Aber Du kannst Dich ja mal auf www.webhostlist.de umsehen und die AGB (auch das Kleingedruckte) der jeweiligen Hoster studieren.

Gruss Dr Dau


----------



## Fleck06 (29. Juni 2006)

Dr Dau hat gesagt.:
			
		

> Hallo!
> 
> Das grösste Problem wird wohl sein dass die meisten Hoster solche Serverlastigen Anwendungen wie z.b. ein Chat nicht erlauben.
> Gerade für die günstigen (oder gar kostenlosen) Hoster dürfte dieses am ehesten zutreffen.
> ...



Kannst du mir denn ansonsten einen guten Anbieter empfehlen? Einen Server-Tarif. Ich habe jetzt nicht besonders viel Ahnung davon. Hatte vorher nur normale Webhosting-Tarife.

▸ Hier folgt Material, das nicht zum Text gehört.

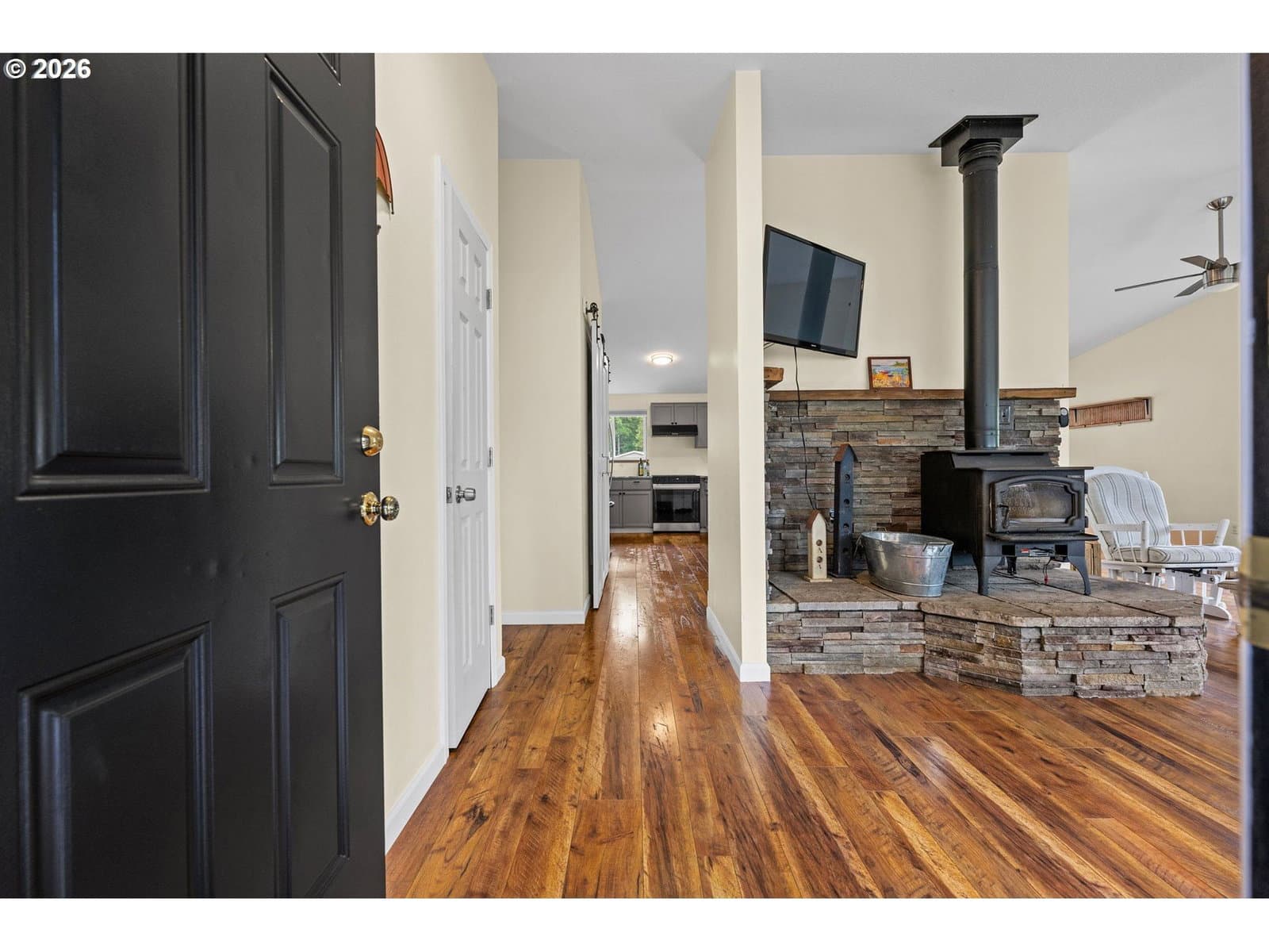 Enjoy the best of country living in this peaceful home set on more than an acre . This great home offers single-level living with a master suite and walk-in closet. The kitchen features newer granite countertops, a farmhouse sink and faucet, fresh interior paint and newer blinds. Other previous updates include newer bedroom carpeting, newer blinds throughout, a new water heater installed in January 2026 and engineered hardwood floors throughout. A wood stove keeps the house comfy and homey. Outside, you'll find a patio, raised garden beds, RV parking, a multi-use wood shed and plenty of space for entertaining! Tucked away from city life, yet close to town, schools, shopping & more!
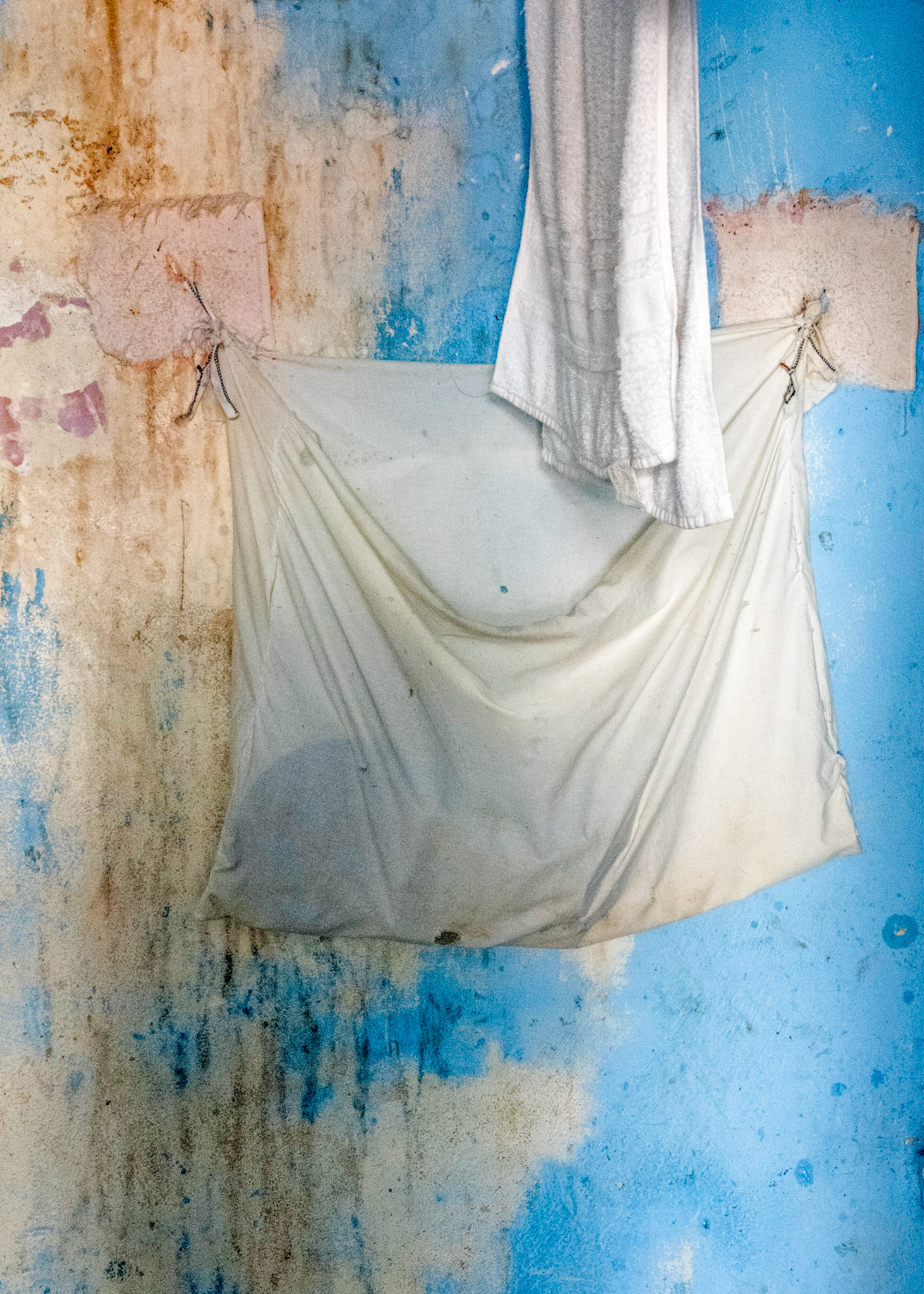 A arte do pouco e do simples, das cores e texturas das paredes. Seus riscos, desenhos e mensagens. A roupa laranja e pendurada. O raio de luz que entra, suave, pela pequena janela e ilumina aquele ambiente de uma dureza própria.

Wo krieg ich denn viel geboten für unter 25 €?


----------



## Dr Dau (29. Juni 2006)

Nein, ich kann Dir nichts empfehlen..... mein Webspace habe ich schon 6-7 Jahre und den Tarif gibt es eigentlich garnicht mehr. 
Und ansonsten habe ich meinen Linux-Server im Keller stehen (langt für meine Zwecke).

Ohne jetzt alle Billighoster über einen Kam zu scheren, würde ich von diesen aber abraten..... irgendwoher müssen die Dumpingpreise ja schliesslich kommen (wenn Du verstehst). 
Für 25€ sollte es aber schon was gutes bei einem der namenhaften Hoster geben.
Kann sein dass man für das Geld auch irgendwo in Timbuktu ^^ einen (virtuellen) Server bei den Billig-Anbietern bekommt..... aber ob man damit glücklich wird?!


----------



## Lukasz (29. Juni 2006)

Fleck06 hat gesagt.:
			
		

> Kannst du mir denn ansonsten einen guten Anbieter empfehlen? Einen Server-Tarif. Ich habe jetzt nicht besonders viel Ahnung davon. Hatte vorher nur normale Webhosting-Tarife.
> 
> Wo krieg ich denn viel geboten für unter 25 €?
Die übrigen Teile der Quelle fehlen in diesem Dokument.